Are we going to have a stand up slanging match in Caroline St and chuck curry trays over each other before flailing around on the floor?


----------



## llantwit (Nov 8, 2006)

RubberBuccaneer said:
			
		

> That's two threads you've threatened me on
> 
> Are we going to have a stand up slanging match in Caroline St and chuck curry trays over each other before flailing around on the floor?


Chip Lane Curry Wrestling. I'm already selling tickets.

I gotta duck out of the meet - it's my brother's birthday, and we're having a family do. Down to 5, then?


----------



## ginger_syn (Nov 9, 2006)

I'll try and lurk along, if I'm not skint but can't say for definite just yet hopefully see some of you there


----------



## Sweaty Betty (Nov 9, 2006)

RubberBuccaneer said:
			
		

> That's two threads you've threatened me on
> 
> Are we going to have a stand up slanging match in Caroline St and chuck curry trays over each other before flailing around on the floor?




Oh yes!!!!!!!


----------



## LilMissHissyFit (Nov 9, 2006)

kinky bastards...


----------



## Sweaty Betty (Nov 9, 2006)

LilMissHissyFit said:
			
		

> kinky bastards...




He said...that i sound like charlie church on speed 

Still ok for monday morning, I PROMISE I WONT FORGET!!

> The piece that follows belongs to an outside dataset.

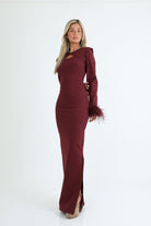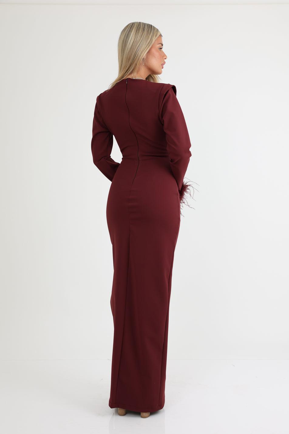 שמלה עם חתך עדין באזור החזה עם כתפיים מודגשות ושרוולים ארוכים עם פרנזים נוצתיים בקצוות

I will even set my alarm for you


----------



## Donna Ferentes (Nov 9, 2006)




----------



## Sweaty Betty (Nov 9, 2006)

Its the name of a pub, donna.

No mad trekkies here mate


----------



## kate44 (Nov 9, 2006)

*is it because i is common?*

up for it


----------



## ddraig (Nov 9, 2006)

good good

any of youz sorted a dyddiad to then sbo?


----------



## LilMissHissyFit (Nov 9, 2006)

haylz said:
			
		

> He said...that i sound like charlie church on speed
> 
> Still ok for monday morning, I PROMISE I WONT FORGET!!
> 
> I will even set my alarm for you



I ate the cake *belches*
I might even have to flounce * flicks hair*


----------



## LilMissHissyFit (Nov 9, 2006)

ddraig said:
			
		

> good good
> 
> any of youz sorted a dyddiad to then sbo?



I fink it woz der 25ff wot peepuklz decided.
I shall be there if Im not mega late back from Brum


----------



## ddraig (Nov 9, 2006)

LilMissHissyFit said:
			
		

> I fink it woz der 25ff wot peepuklz decided.
> I shall be there if Im not mega late back from Brum



ta, coolio


----------



## Jim2k5 (Nov 9, 2006)

so 25th, day of the NZ match?


----------



## ddraig (Nov 9, 2006)

can you read the thread and report back mate, i'm cream crackered ere and prob crash any min


----------



## nwnm (Nov 10, 2006)

vulcan meat - a rare cullinary delight?


----------



## RubberBuccaneer (Nov 21, 2006)

So ?


----------



## Sweaty Betty (Nov 21, 2006)

I've tripple booked myself, but can make an hour or so during the match, if the tickets dont come through ....


----------



## RubberBuccaneer (Nov 21, 2006)

haylz said:
			
		

> I've tripple booked myself, but can make an hour or so during the match, if the tickets dont come through ....



jeez - who'd have thought it


----------



## Sweaty Betty (Nov 21, 2006)

RubberBuccaneer said:
			
		

> jeez - who'd have thought it




Im free tonight if you fancy a pint and some grovelling  

ddraig??? anyone else fancy trotting out for an hour later


----------



## LilMissHissyFit (Nov 21, 2006)

I might be up for the one later ( on the pop tho Im afraid)

Well pissed off , could do with an evenings company and a change of scene


----------



## Sweaty Betty (Nov 21, 2006)

LilMissHissyFit said:
			
		

> I might be up for the one later ( on the pop tho Im afraid)
> 
> Well pissed off , could do with an evenings company and a change of scene



Lets do it!!!!!!!!!!!!!!!!!!!!


----------



## Sweaty Betty (Nov 21, 2006)

Meeting ddraig in poets cornor @ 6pm.....come on down anyone!!!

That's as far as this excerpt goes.